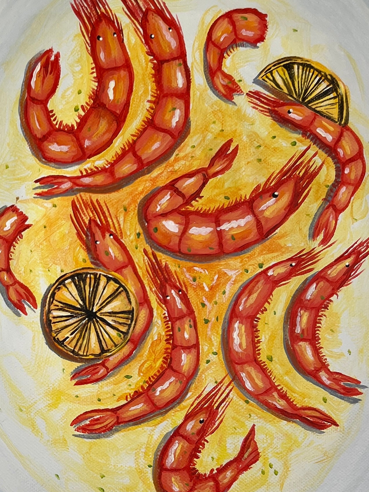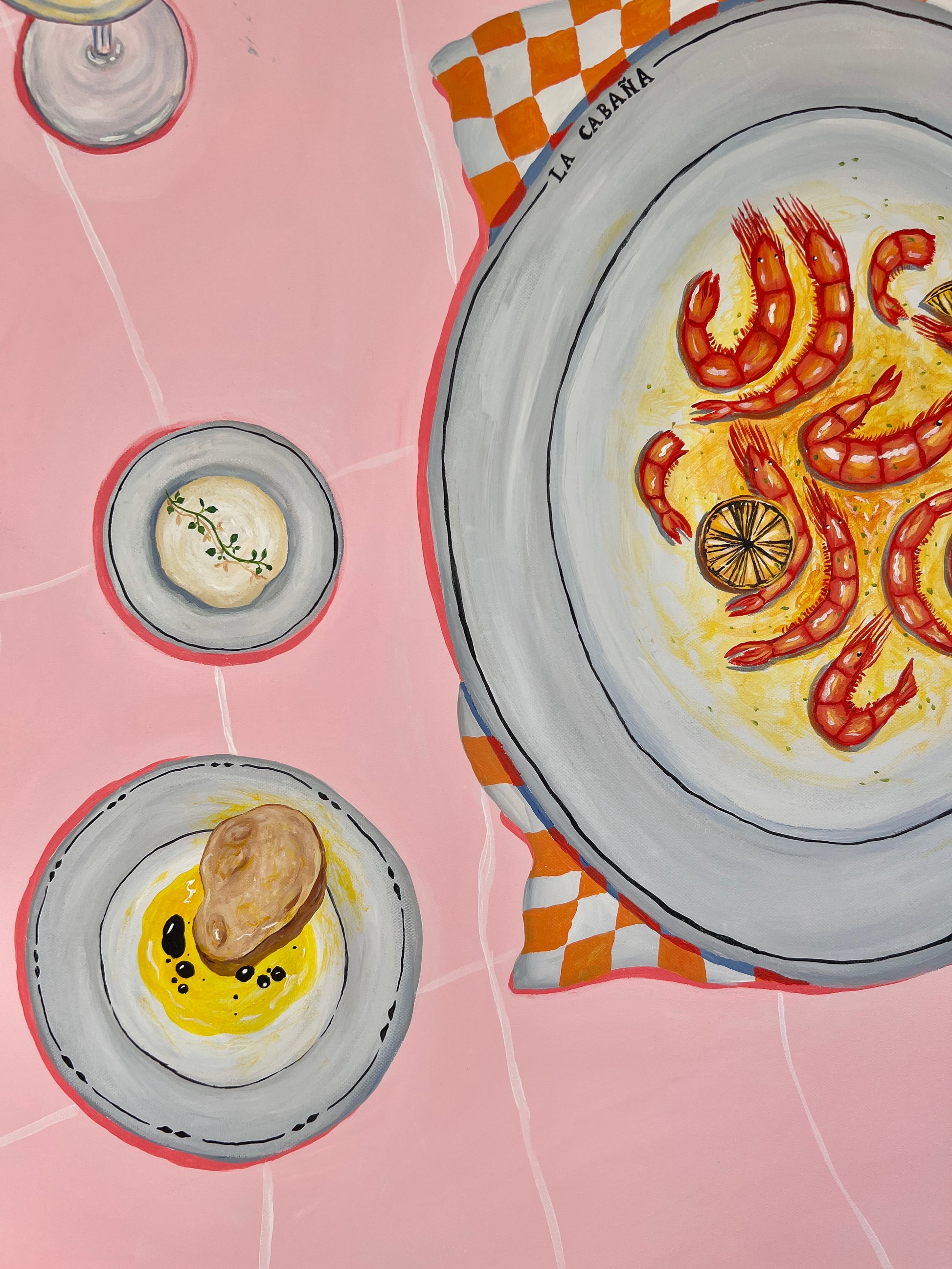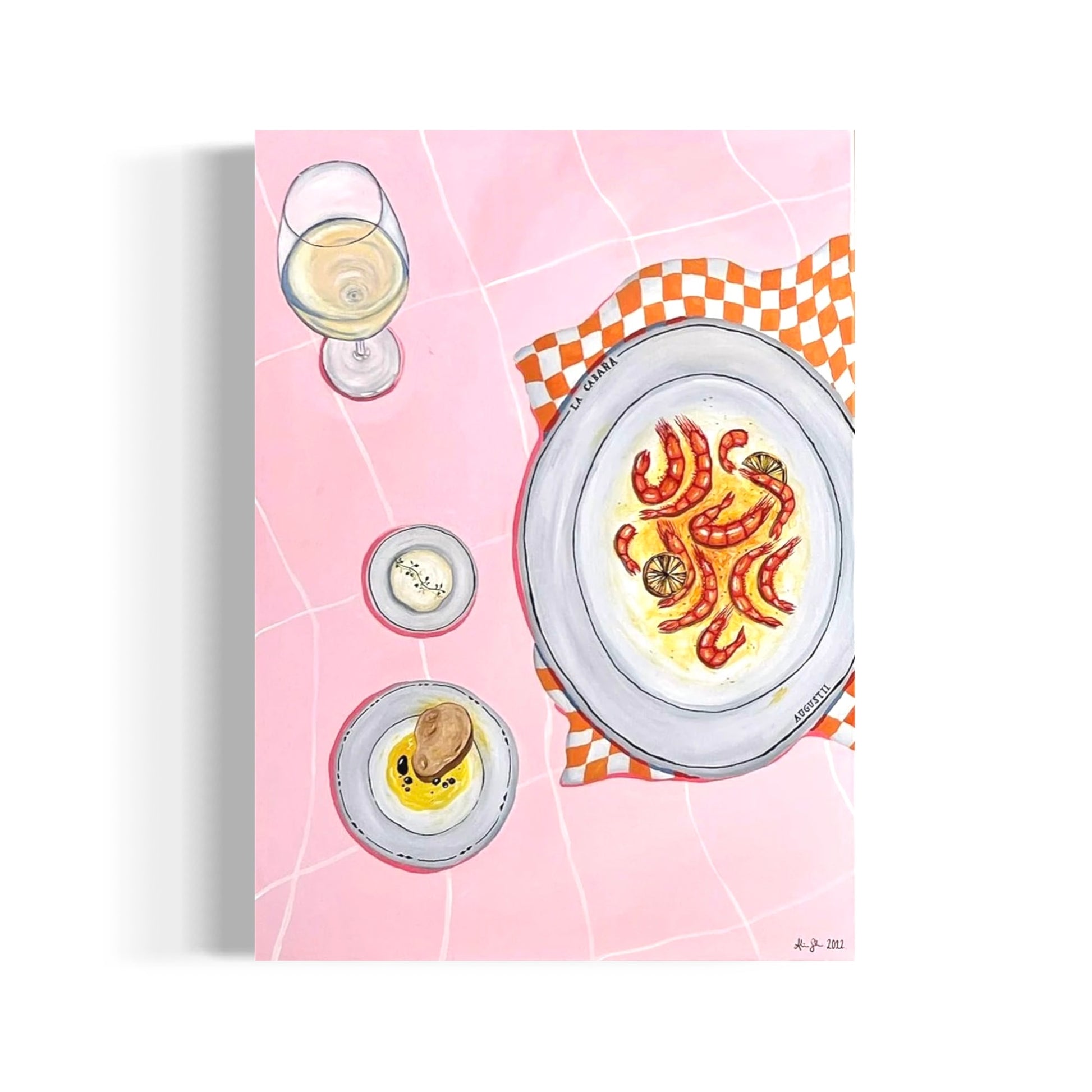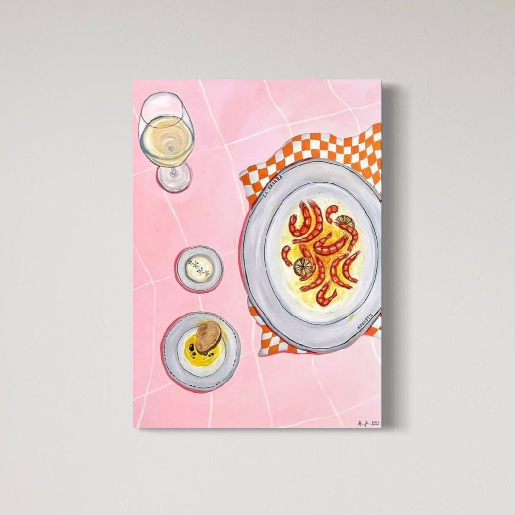 En vacker visualisering av en måltid med mat och dryck på en vågig, rutig och rosa bakgrund - så skulle man kunna beskriva den handgjorda akrylmålningen "Gambas" av Alice Söderholm. Gör din heminredning mer unik och rolig med detta konstverk!
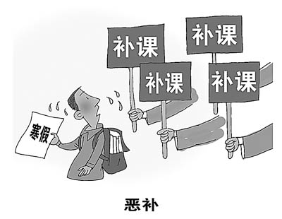 據(jù)《瀟湘晨報》1月20日報道,一名學(xué)生在網(wǎng)上發(fā)出“反補(bǔ)課倡議書”,號召全國學(xué)校成立“中國反補(bǔ)課學(xué)生聯(lián)盟”。網(wǎng)帖中,這名學(xué)生講述了自己在寒假補(bǔ)課時的心情:“補(bǔ)課的重壓下,神經(jīng)搖搖欲墜,做夢都夢到ABCD。”
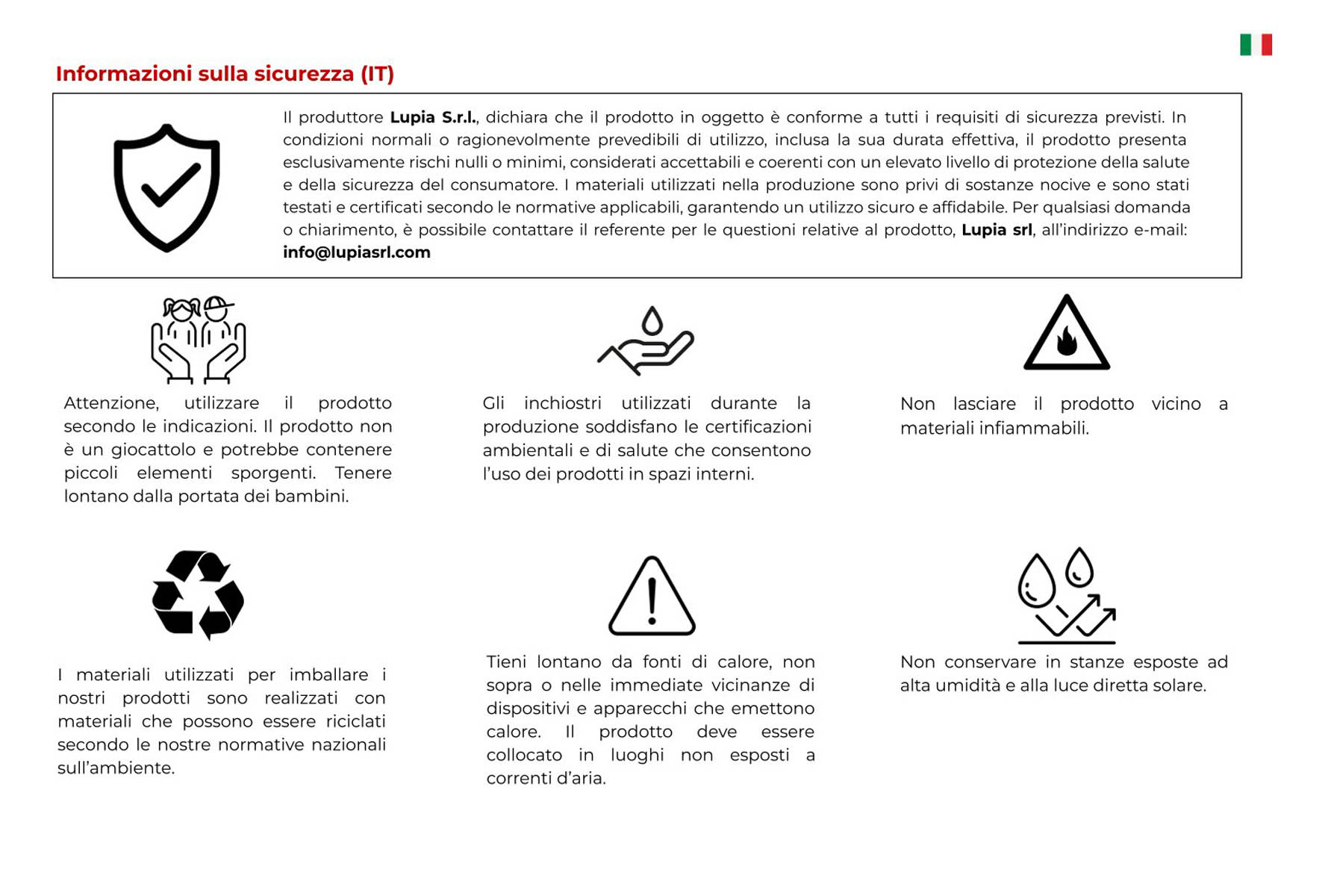 Vorreishop si impegna, per ogni prodotto venduto, a offrire schede di sicurezza e manuali utente dettagliati, nel pieno rispetto della normativa europea GPSR, garantendo che tutti i prodotti siano conformi agli standard di sicurezza richiesti. Puoi accedere e scaricare le immagini di sicurezza e il manuale utente nella sezione dedicata "Risorse per la sicurezza" presente su questa pagina. Per maggiori informazioni visita Condizioni Generali di Vendita
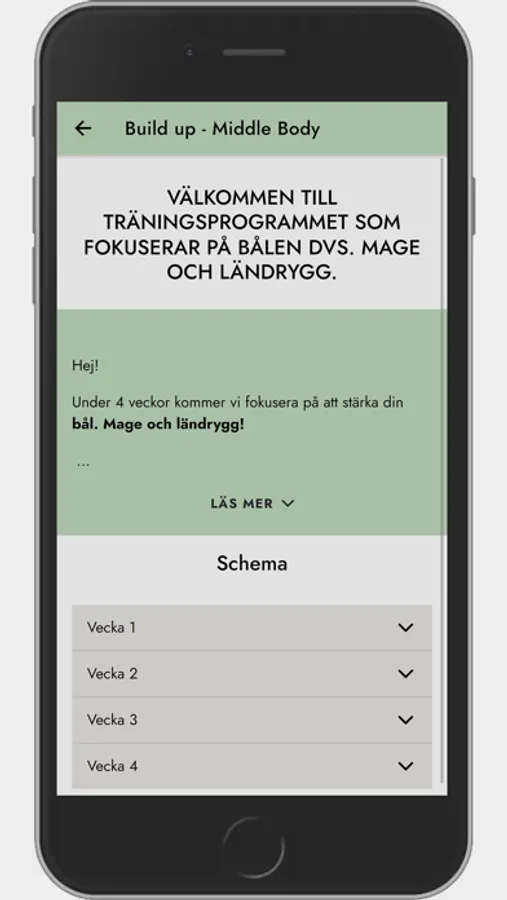 I appen hittar du träningsprogram för hela kroppen. I appen finns träningsprogram som passar de som vill ha maximal effekt av ens träning, utan att behöva åka till gymmet. Alla pass kan enkelt utföras hemifrån med minimalt antal redskap, endast gummiband!
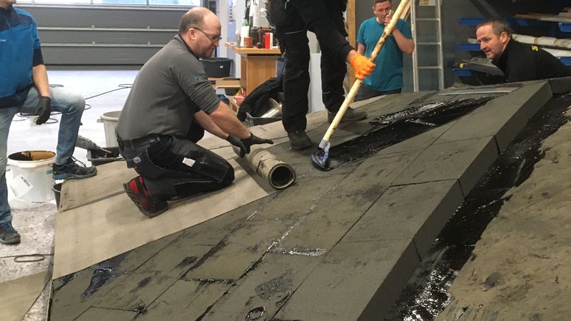 Für die Lagesicherung zeigte sich ein Bitumenkaltkleber als optimales Produkt. Der Kleber ist für die Kaltverklebung von Schaumglasplatten auf Beton und ausgewählten Bitumenbahnen geeignet, bietet sehr gute Standfestigkeit auf gekrümmten Oberflächen und kann in der dreikomponentigen Variante auch bei Dachneigungen ab 45° eingesetzt werden – genau die passenden Eigenschaften für das Projekt. Sowohl die Dämmung als auch die besandete Elastomerbitumenbahn als Trennlage wurden mit dem Kaltkleber gesichert.
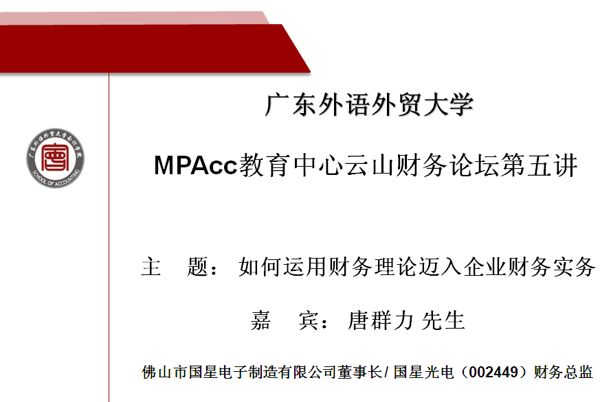唐群力,暨南大学会计学研究生毕业,现任上市公司国星光电(002449)财务总监、佛山市国星电子制造有限公司董事长。曾任广东广晟光电科技有限公司董事长、广东省中科宏微半导体设备有限公司董事长、广东省电子信息产业集团有限公司财务总监、佛山三水恒益火力发电厂有限公司财务总监、广州发展环保建材有限公司财务总监、上市公司广州发展(600098)总部高级财务主管等。曾在《审计与经济研究》等发表论文约十篇,主持省财厅二等奖课题一项。
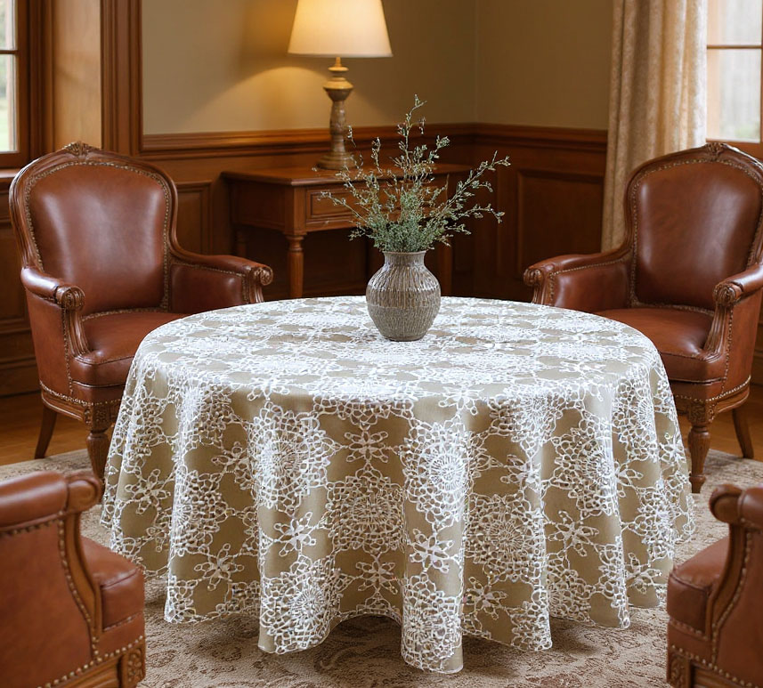 Десенът и тъканта, красивата меко падаща материя, естественият цвят капучино, съчетан с екрю, позволяват използването на покривките както за декорация, така и за ежедневна употреба.

◇ ◇ ◇ ◇ ◇

- _PROBLEM DETAILS_
Return the listing verbatim; pictures are not part of the copy.

- _THE COMPLETED TASK_
 En vacker visualisering av en måltid med mat och dryck på en vågig, rutig och rosa bakgrund - så skulle man kunna beskriva den handgjorda akrylmålningen "Gambas" av Alice Söderholm. Gör din heminredning mer unik och rolig med detta konstverk!
 據(jù)《瀟湘晨報》1月20日報道,一名學(xué)生在網(wǎng)上發(fā)出“反補(bǔ)課倡議書”,號召全國學(xué)校成立“中國反補(bǔ)課學(xué)生聯(lián)盟”。網(wǎng)帖中,這名學(xué)生講述了自己在寒假補(bǔ)課時的心情:“補(bǔ)課的重壓下,神經(jīng)搖搖欲墜,做夢都夢到ABCD。”
 Vorreishop si impegna, per ogni prodotto venduto, a offrire schede di sicurezza e manuali utente dettagliati, nel pieno rispetto della normativa europea GPSR, garantendo che tutti i prodotti siano conformi agli standard di sicurezza richiesti. Puoi accedere e scaricare le immagini di sicurezza e il manuale utente nella sezione dedicata "Risorse per la sicurezza" presente su questa pagina. Per maggiori informazioni visita Condizioni Generali di Vendita
 I appen hittar du träningsprogram för hela kroppen. I appen finns träningsprogram som passar de som vill ha maximal effekt av ens träning, utan att behöva åka till gymmet. Alla pass kan enkelt utföras hemifrån med minimalt antal redskap, endast gummiband!
 Für die Lagesicherung zeigte sich ein Bitumenkaltkleber als optimales Produkt. Der Kleber ist für die Kaltverklebung von Schaumglasplatten auf Beton und ausgewählten Bitumenbahnen geeignet, bietet sehr gute Standfestigkeit auf gekrümmten Oberflächen und kann in der dreikomponentigen Variante auch bei Dachneigungen ab 45° eingesetzt werden – genau die passenden Eigenschaften für das Projekt. Sowohl die Dämmung als auch die besandete Elastomerbitumenbahn als Trennlage wurden mit dem Kaltkleber gesichert.
唐群力,暨南大学会计学研究生毕业,现任上市公司国星光电(002449)财务总监、佛山市国星电子制造有限公司董事长。曾任广东广晟光电科技有限公司董事长、广东省中科宏微半导体设备有限公司董事长、广东省电子信息产业集团有限公司财务总监、佛山三水恒益火力发电厂有限公司财务总监、广州发展环保建材有限公司财务总监、上市公司广州发展(600098)总部高级财务主管等。曾在《审计与经济研究》等发表论文约十篇,主持省财厅二等奖课题一项。
 Десенът и тъканта, красивата меко падаща материя, естественият цвят капучино, съчетан с екрю, позволяват използването на покривките както за декорация, така и за ежедневна употреба.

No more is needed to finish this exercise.